The output of each hidden layer is used as input to the next layer
in the network, i.e., the next hidden layer or the output layer.
Each layer of the network generates an output from a received input
in accordance with current values of a respective set of
parameters.
SUMMARY
[0005] This specification generally describes a reinforcement
learning system that controls an agent interacting with an
environment.
[0006] Particular embodiments of the subject matter described in
this specification can be implemented so as to realize one or more
of the following advantages.
[0007] Many complex tasks, e.g., robotic tasks, require selecting
an action from a large discrete action space, a continuous action
space, or a hybrid action space, i.e., with some sub-actions being
discrete and others being continuous. In order to apply a
traditional Q-learning technique to such tasks or to select an
action using a conventional Q neural network, a maximization over
the set of possible actions (or a discretized version of the set of
actions) needs to be repeatedly performed. In particular, when the
action space is large or continuous, this maximization can be
difficult to achieve through existing techniques including gradient
ascent and cross-entropy search. A conventional reinforcement
learning system may end up being trained to control the agent using
suboptimal action selection policies in which an "argmax" action
(i.e., the action with the highest Q value) is not always
guaranteed to be selected at each state of the environment being
interacted with by the agent.
[0008] In contrast, the system described in this specification
makes use of a Q neural network that has been formulated as mixed
integer programming (MIP). Under this formulation, the Q neural
network can process a Q network input including an observation of
the environment and initial action constraints to generate a set of
output values which specify a Q value objective that is to be
optimized subject to a set of action constraints. By repeatedly
evaluating the MIP problems defined by using the Q neural network,
the system can robustly determine an argmax action each time that
an action needs to be selected for performance by the agent and
each time that an update to the Q network parameters is determined.
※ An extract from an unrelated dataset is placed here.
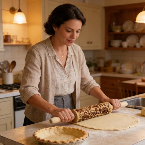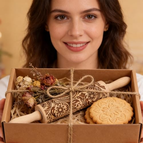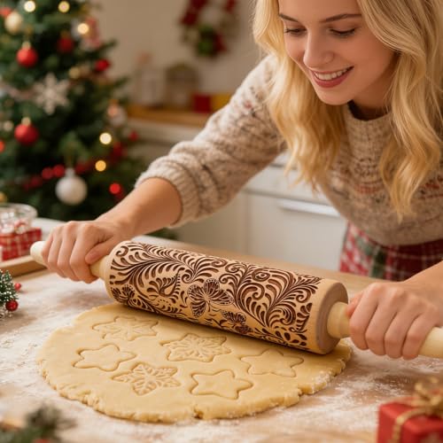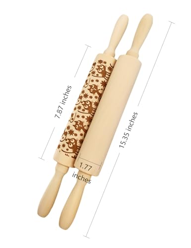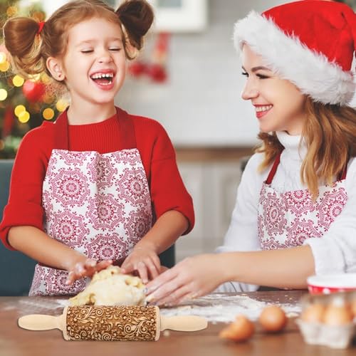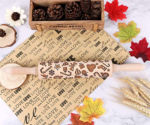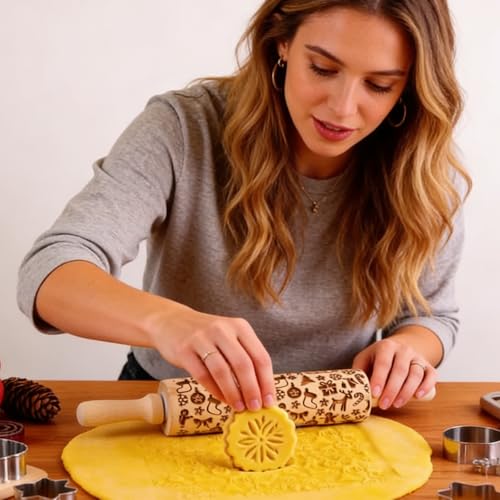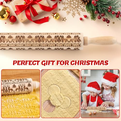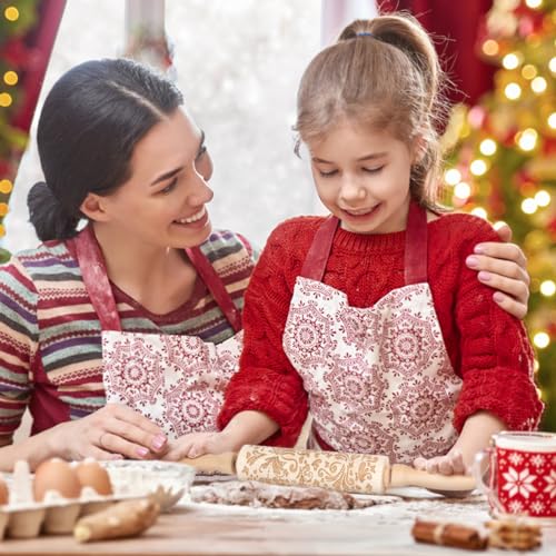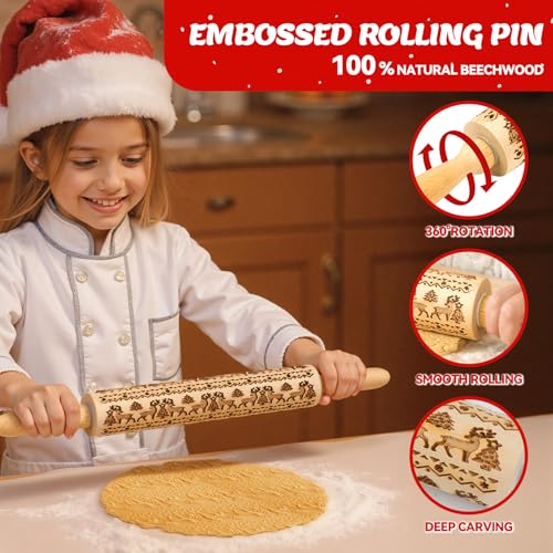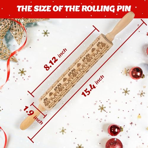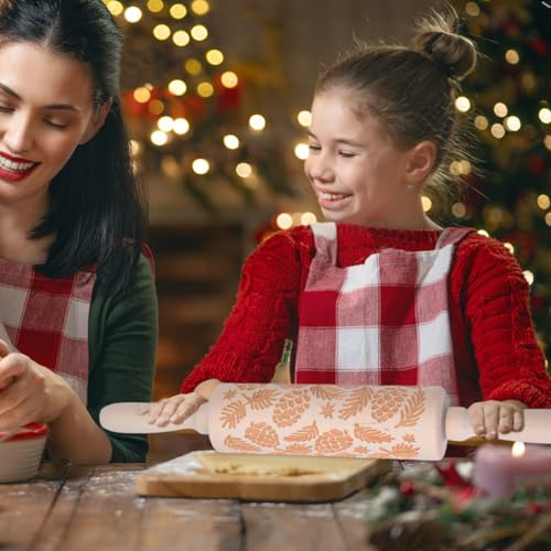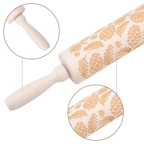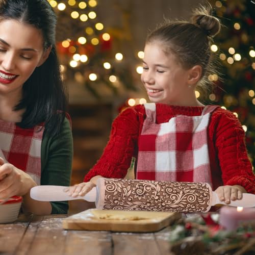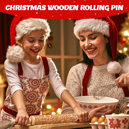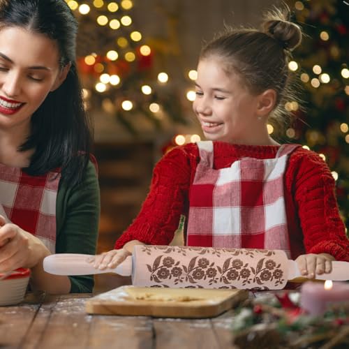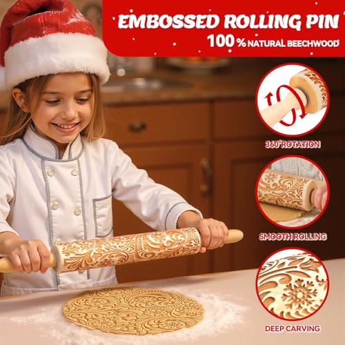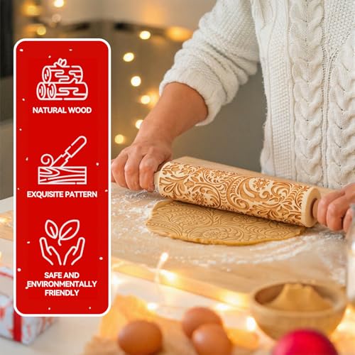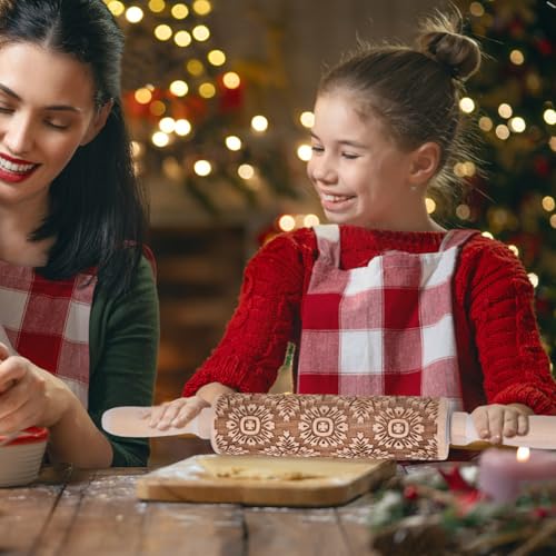Christmas Gifts Wooden Embossed Rolling Pin for Baking, Stocking Stuffers Gifts for Women, Deep Engraved Embossing Rolling Pins with Snow Pattern Designs for Baking Cookies Stamps Roller DIY Tools

Thus, the system can control the agent for different tasks in a way
that expected long-term return received by the agent is maximized,
even when the tasks require a large discrete action space, a
continuous action space, or a hybrid action space.
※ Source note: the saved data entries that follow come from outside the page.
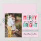 Joyeux et brillant ! Carte de vacances festive aux tons rose et vert. Modèle photo via Pixabay sous licence CC0 et doit être remplacé par votre propre photo.
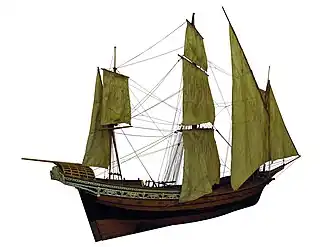 In 1763, Singe patrolled the Mediterranean with her sister-ship Caméléon and the frigate Pléïade, to ward off the Salé Rovers.[2] On 15 July 1763, Singe mistakenly engaged a galiot from Algiers, which she mistook for a Salé rover. Pléïade intervened fired two broadsides into the galiot, which sank with all hands before the error was realised. This triggered a diplomatic incident and Captain Fabry had to negotiate a resolution to the crisis.[3]
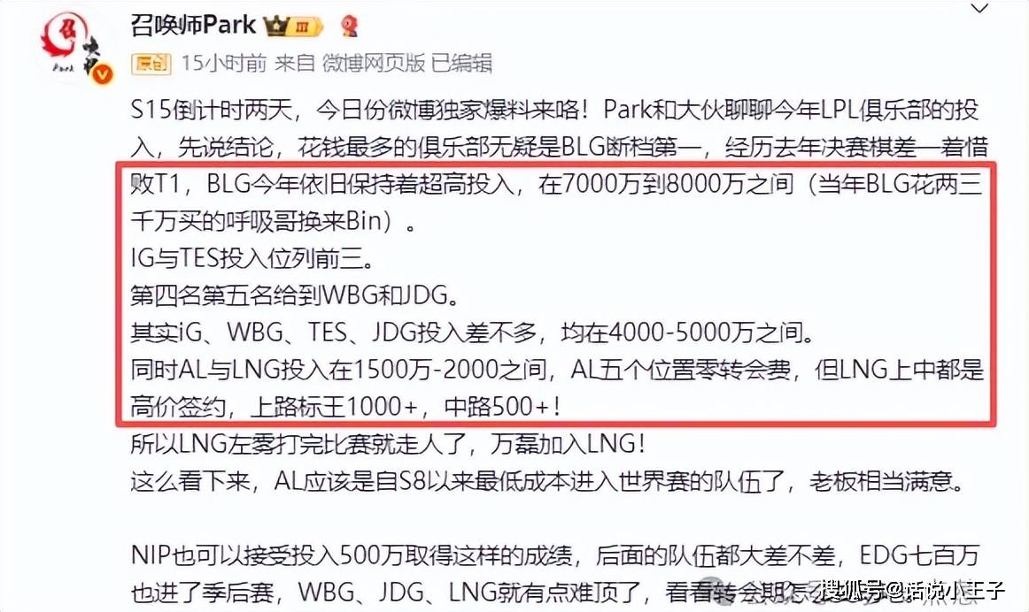 这名知情人就表示,今年LPL众多俱乐部中投入最多的钱就是BLG,而且还是断档第一,今年投入了大概是7,000万到8,000万之间。IG和TES投入花的钱应该是排名在前3,第4名和第5名应该是WBG和JDG。不过这名知情人也强调IG,TES,WBG和JDG投入的其实都差不多,大概都是4,000万到5,000万之间。
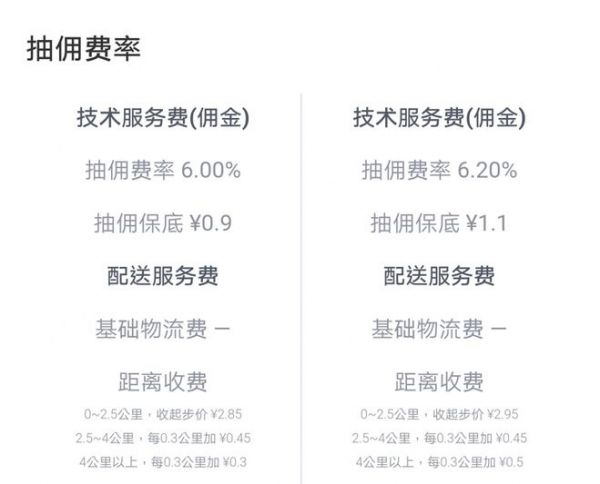 而在江苏宿迁、安徽淮北等地,商家自配送的抽佣费率都快接近20%了。
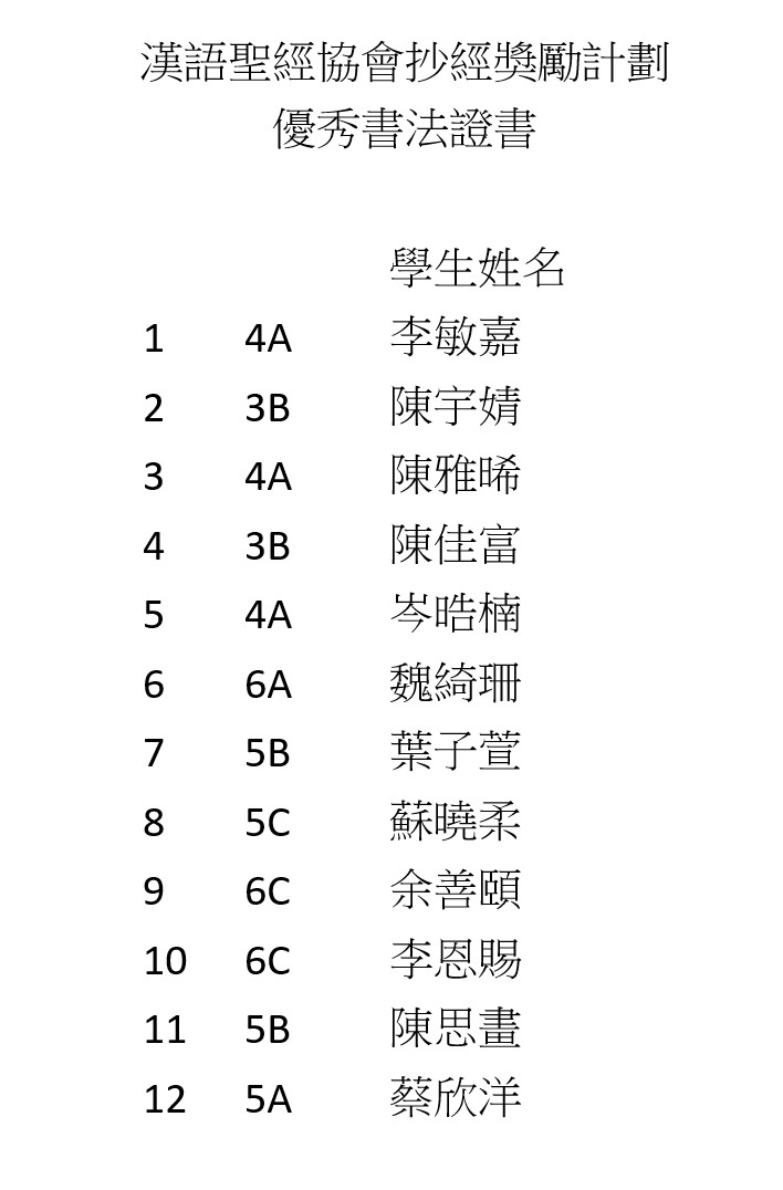 漢語聖經協會抄經獎勵計劃

[0009] Additionally, the system described in this specification
also includes an actor neural network that is configured to
implement a respective mapping from each observation to a
corresponding argmax action that would be determined by evaluating
the MIP problem defined by using the Q neural network. This allows
the system select actions to be performed by the agent with reduced
amount of computational resources because the computationally
intensive MIP evaluation steps are no longer required. In other
words, the system can also control the agent with reduced latency
and reduced consumption of computational resources while still
maintaining effective performance.
[0010] The details of one or more embodiments of the subject matter
described in this specification are set forth in the accompanying
drawings and the description below. Other features, aspects, and
advantages of the subject matter will become apparent from the
description, the drawings, and the claims.
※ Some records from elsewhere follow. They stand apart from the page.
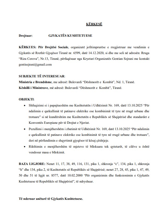 Organizata "Drejtësi Sociale" ka dorëzuar në Gjykatën Kushtetuese padinë për shfuqizimin e udhëzimit të ish-ministres së brendshme (tani zv/kryeministre), Albana Koçiut për për ndalimin për qarkullim të monopatinave elektrike.
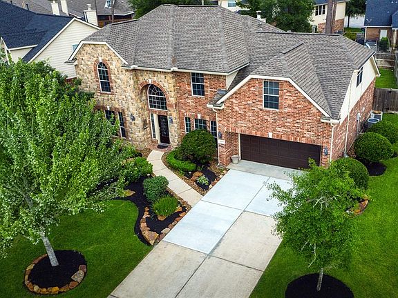 With eye-catching curb appeal, this 4-bedroom, 3.5 bath home, located in the master planned community of Windrose is a true beauty! Brick & stone exterior, mature trees & easy-to-maintain landscaping provide a warm welcome. Wood-look tile flooring on the 1st floor for great style and easy upkeep. 2-story family room is the heart of this home w/gas fireplace & custom entertainment center built specifically for this room. Double doors open to the study off the foyer. Open kitchen w/lots counter space, center island, painted cabinets, ss appliances & walk-in pantry. 1st floor owners retreat w/ensuite master bath which include a new frameless shower, jetted tub, double sinks & walk-in closet. Secondary bedrooms w/ large closets & 2 full baths plus game room on 2nd floor. Excellent storage space! 3 separate attic entrances. 3-car tandem garage. Generous back patio and lots of space for a soccer game, trampoline or play equipment. Walking distance to elementary school.
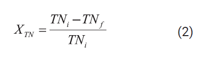 [2]Where TOCi and TNi are the initial concentration of total organic carbon and total nitrogen in the leachate after the dilution with 30 wt% hydrogen peroxide solution and TOCf and TNf are the corresponding concentrations in the reactor effluent.

BRIEF DESCRIPTION OF THE DRAWINGS
[0011] FIG. 1 shows an example reinforcement learning system.
[0012] FIG. 2 is a flow diagram of an example process for training
a Q neural network.
[0013] FIG. 3 is a flow diagram of an example process for training
an actor neural network.
[0014] FIG. 4 is a flow diagram of an example process for
controlling an agent using an actor neural network.
[0015] FIG. 5 is a flow diagram of an example process for
controlling an agent using a Q neural network.
[0016] Like reference numbers and designations in the various
drawings indicate like elements.
DETAILED DESCRIPTION
[0017] This specification describes a reinforcement learning system
that controls an agent interacting with an environment by, at each
of multiple time steps, processing data characterizing the current
state of the environment at the time step (i.e., an "observation")
to select an action to be performed by the agent.
[0018] At each time step, the state of the environment at the time
step depends on the state of the environment at the previous time
step and the action performed by the agent at the previous time
step.
[0019] In some implementations, the environment is a real-world
environment and the agent is a mechanical agent interacting with
the real-world environment, e.g., a robot or an autonomous or
semi-autonomous land, air, or sea vehicle navigating through the
environment.
[0020] In these implementations, the observations may include,
e.g., one or more of: images, object position data, and sensor data
to capture observations as the agent interacts with the
environment, for example sensor data from an image, distance, or
position sensor or from an actuator.
[0021] For example in the case of a robot, the observations may
include data characterizing the current state of the robot, e.g.,
one or more of: joint position, joint velocity, joint force, torque
or acceleration, e.g., gravity-compensated torque feedback, and
global or relative pose of an item held by the robot.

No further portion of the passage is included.